Hyperbolic Functions (Further Pure Mathematics 2, Section 2.1)
Hey there! Welcome to the world of Hyperbolic Functions. Don't worry if the name sounds intimidating; these functions are simply partners to the trigonometric (circular) functions you already know (sin, cos, tan), but defined using the exponential function \(e^x\). They are essential in physics, engineering (especially modeling hanging cables—the famous catenary curve!), and integration methods in Further Maths.
In this chapter, we will master their definitions, identities, graphs, and the powerful logarithmic forms of their inverses.

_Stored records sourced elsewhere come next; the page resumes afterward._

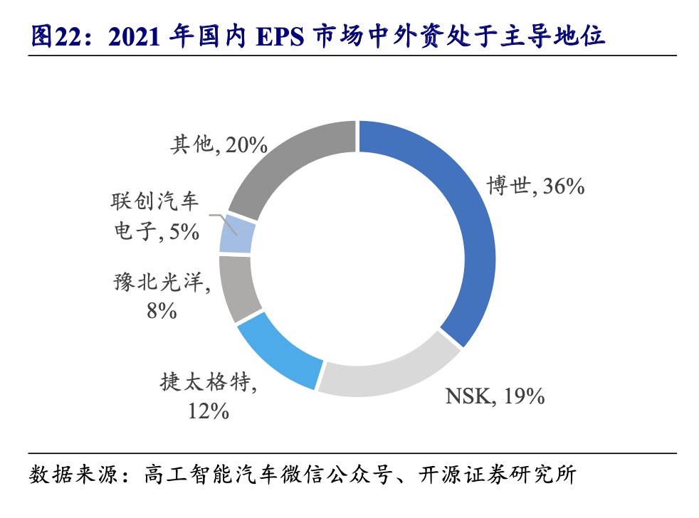 需要注意的是,目前国内 EPS 市场由外资品牌主导,市场格局稳固。据统计,2021年博世、NSK、采埃孚合计占据了67%的市场份额。相较之下,国产 EPS 供应商份额相对较小。
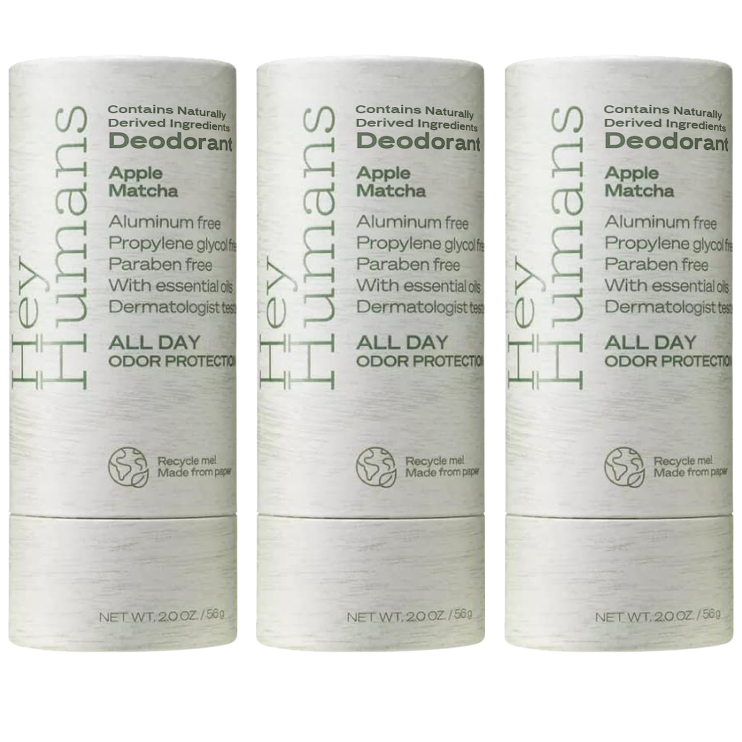 Hey Humans Deodorant, Aluminum Free Deodorant for Women and Men, Contains Naturally Derived Ingredients, All Day Odor Control, Refreshing Essential Oils, Earth Friendly Package, Apple Matcha
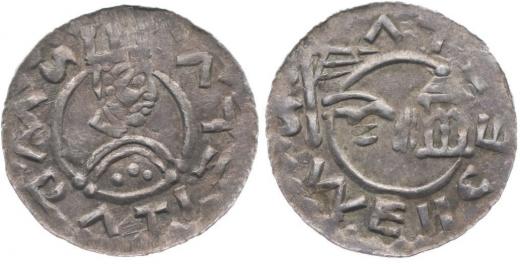 Denár, Ca.354a, F.IX/10 - široká koruna, odlišná kresba portrétu
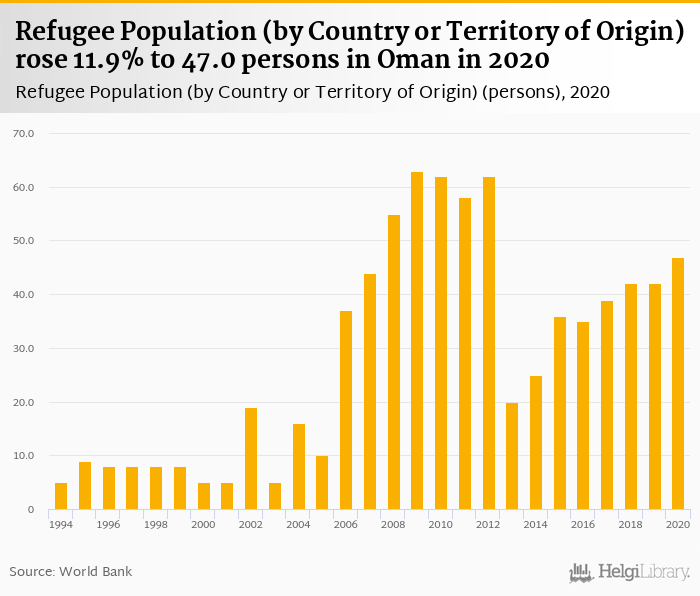 Refugee population by country or territory of origin rose 11.9% to 47.0 persons in Oman in 2020, according to the National Statistical Office.
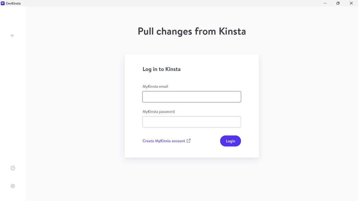 Simply click and choose whether to push or pull. DevKinsta will ask you for credentials for your Kinsta account.
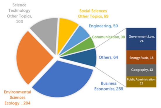 In terms of research directions, in general, all the literature covers a total of 67 research directions of greenwashing, which includes almost all aspects of the economy and society. As shown in the classification of the top 10 research directions (Figure 4), the main directions involved are business economics (43.5%), environmental sciences ecology (34.3%) and science technology, other topics (17.3%). Scholars mostly choose to study business economics and environmental sciences ecology hoping to use these two most directly relevant directions as breakthroughs to summarize the different motives of greenwashing, analyzing the impact on the enterprises and the economy and society, as well as the promotion of the overall business environment. In addition to this, some minor directions of research also enrich the literature on greenwashing from other perspectives, such as government legal system, ecological environment, geographical area, etc.
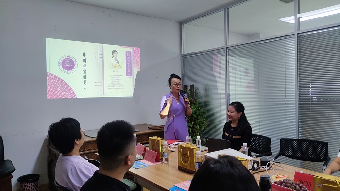 首页 > 新闻动态 > 公司新闻 >>返回 9月4日下午,巾帼下午茶走进正劲饮料,巾帼学堂校长冯赢女士参会并做理念分享,各位巾帼企业家代表与会,并进行了友好交流及资源对接,正劲饮料董事长梁凤玲致欢迎词。
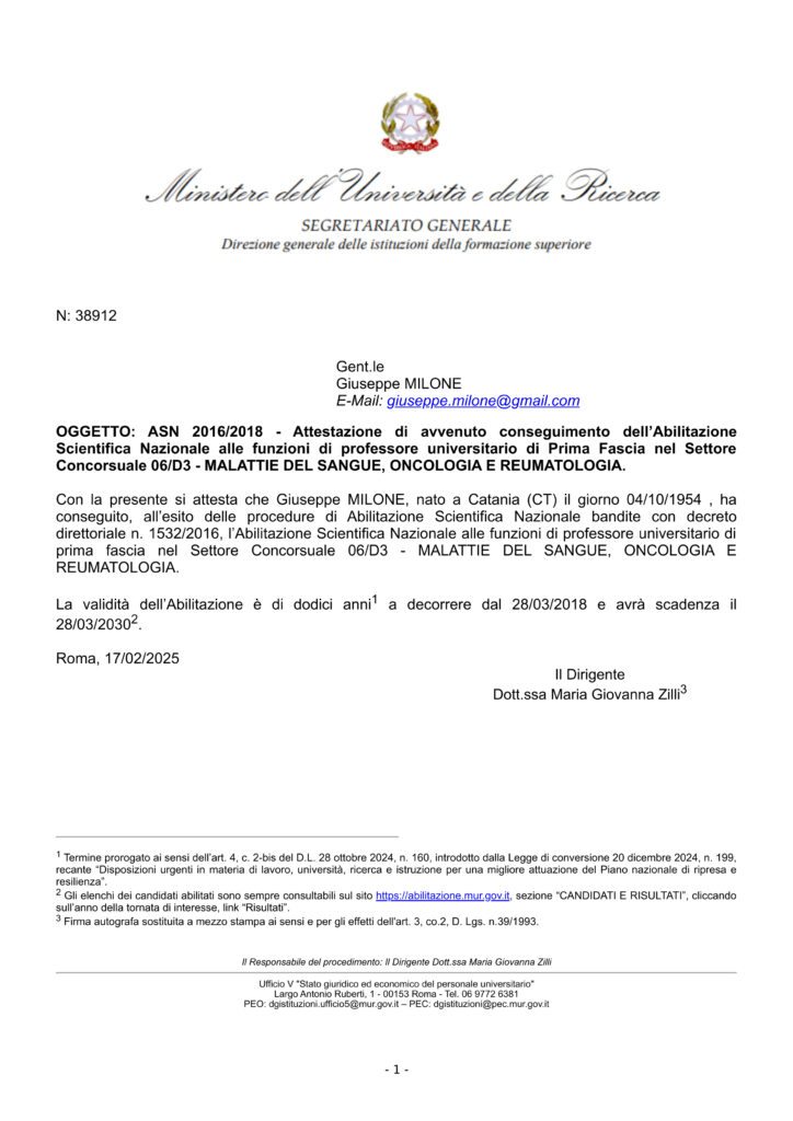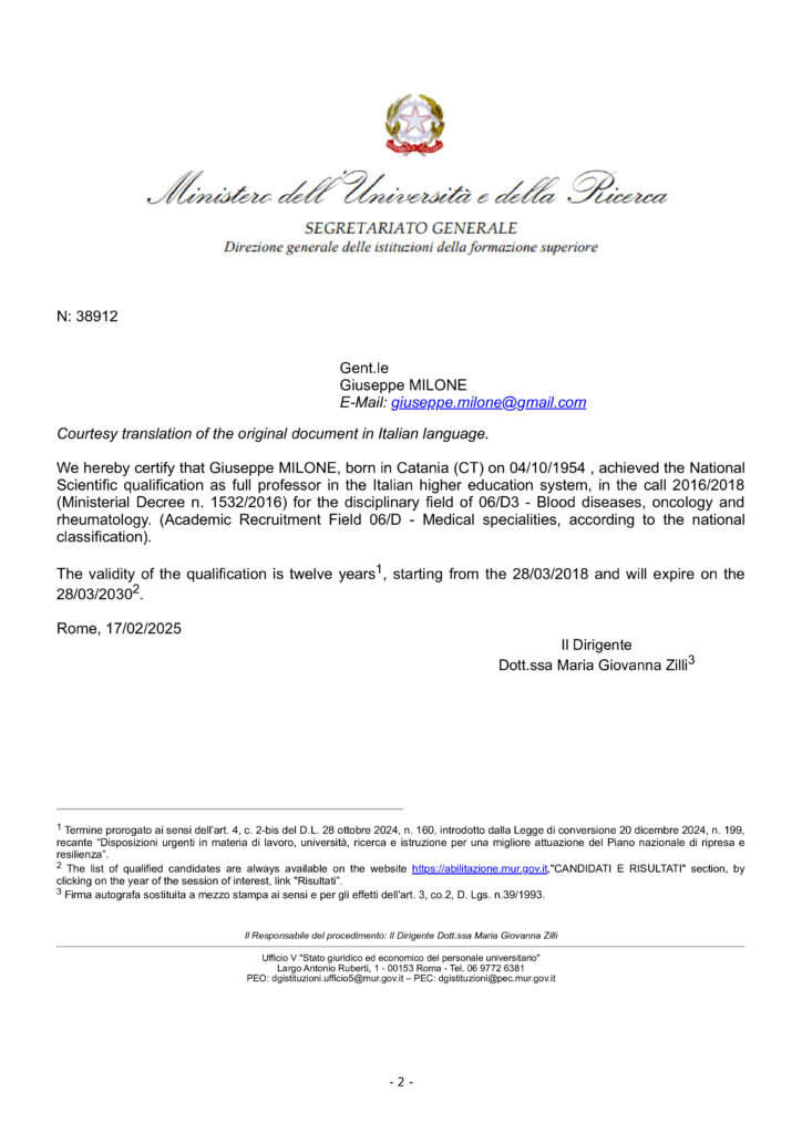 - Idoneità nazionale a Professore Ordinario di Ematologia (2018)
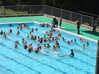 充分、泳いで、本年度のプールの納会を行いました。日焼けの後が、懸命な取組を感じさせました。
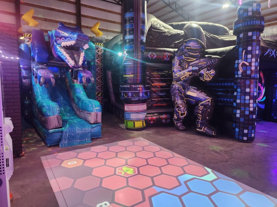 Want to Battle it out with a game of Laser Tag with family and friends? We've got you covered! Our indoor Laser Tag party room, located in Good Hope, AL, features a huge inflatable Laser Tag Battle Dome complete with everything required to play (laser guns with customizable settings and chest plates.)
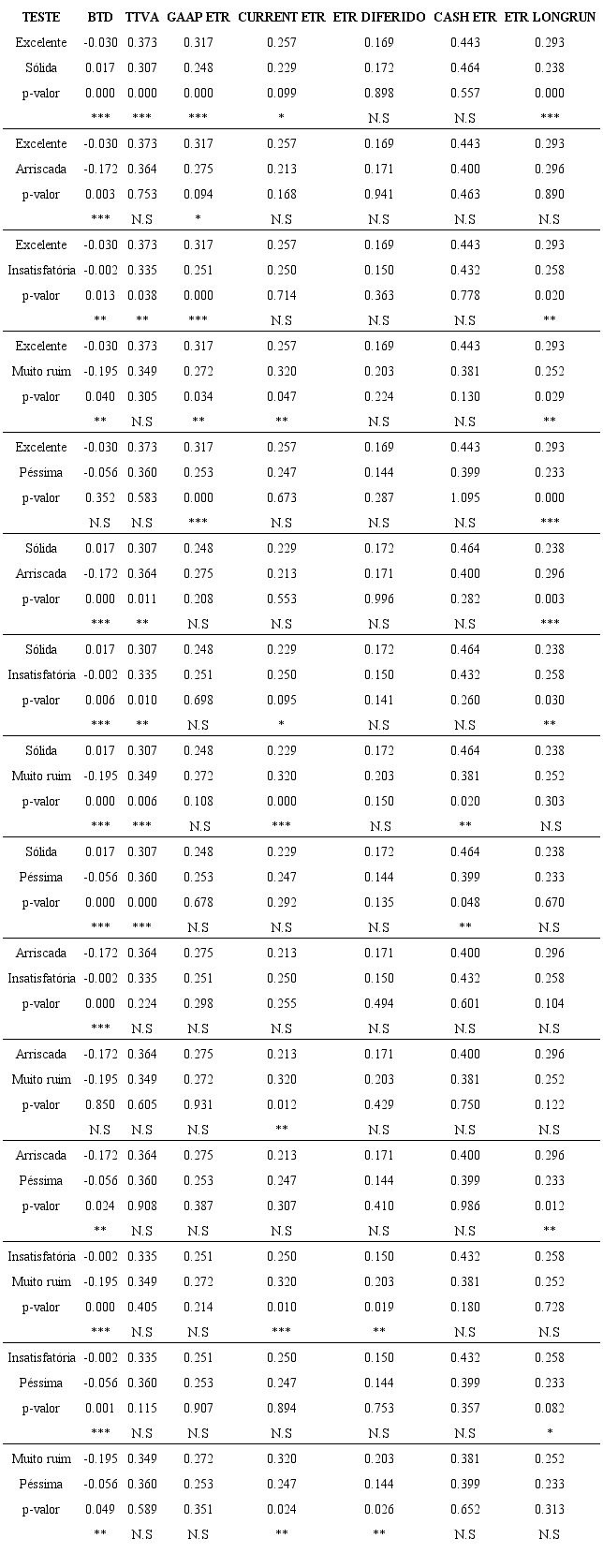 Em GAAP_ETR todos os testes com empresas em situação Excelente foram significativos com resultado dentro da hipótese levantada por esta pesquisa, indicando que empresas em situação Excelente são em média menos agressivas que empresas nos demais tipos. A métrica ETR_LONGRUN trouxe resultado semelhante para a situação Excelente e também apresenta a situação Péssima como mais agressiva que todas, com exceção da Sólida, que o teste não foi significativo. Para a métrica TTVA, empresas em situação Sólida são mais agressivas que as demais. Quando se trata de CURRENT_ETR, empresas em situação Muito Ruim são menos agressivas que as demais. Para ETR_DIFERIDO e CASH_ETR poucos foram os testes que deram significativos.
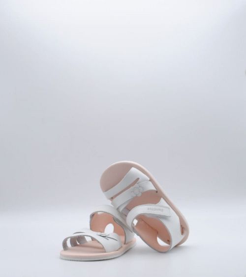 Sandalias respetuosas de la marca Blanditos by Crio's modelo Malta fabricados en piel blanca con flor en pala delantera. Sistema de regulación con velcro. ¡Unas sandalias que aportan comodidad para toda la temporada!
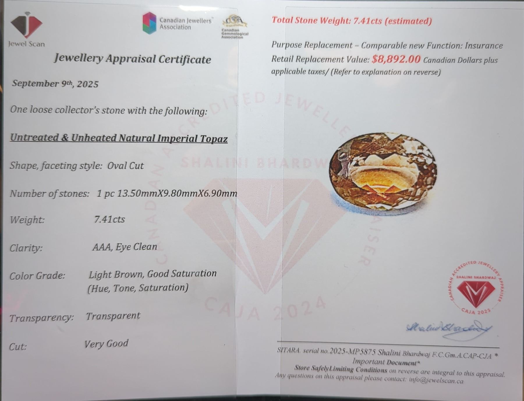 7.41 ct Authenticated Imperial Topaz gemstone ($8,892 Appraisal)
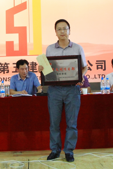 2013年7月15日,公司在礼堂召开2013年二季度生产会暨“五位一体”工作会,对公司42个工地在二季度安全(包含设备管理、临时用电、脚手架搭设、高处作业,现场文明施工、消防设施等方面)、质量、技术、进度和成本等方面存在的不足及优秀做法用图文并茂的方式进行了总结分析,会议还对在二季度综合评比较好的6个项目部、1个青年文明项目部进行了表彰,同时对较差的项目部进行了通报。公司党委书记李兴奎,副总经理、总工程师焦伦杰,工会主席史呈森,副总经理杨凡及各直管部主要领导及相关人员共计138人参加了会议。

1. Definitions of Hyperbolic Functions
The hyperbolic functions are built directly from the exponential functions \(e^x\) and \(e^{-x}\).
a) The Core Definitions: \(\cosh x\) and \(\sinh x\)
The two fundamental hyperbolic functions are hyperbolic cosine (\(\cosh x\), pronounced cosh) and hyperbolic sine (\(\sinh x\), pronounced shine or sinh).
1. Hyperbolic Cosine (\(\cosh x\)):
The definition of \(\cosh x\) is the average of \(e^x\) and \(e^{-x}\). \[ \cosh x = \frac{e^x + e^{-x}}{2} \]
Memory Aid: Since \(\cos x\) is an Even function, \(\cosh x\) is also an Even function. The formula uses the plus sign, making it symmetric about the y-axis.
2. Hyperbolic Sine (\(\sinh x\)):
The definition of \(\sinh x\) is half the difference between \(e^x\) and \(e^{-x}\). \[ \sinh x = \frac{e^x - e^{-x}}{2} \]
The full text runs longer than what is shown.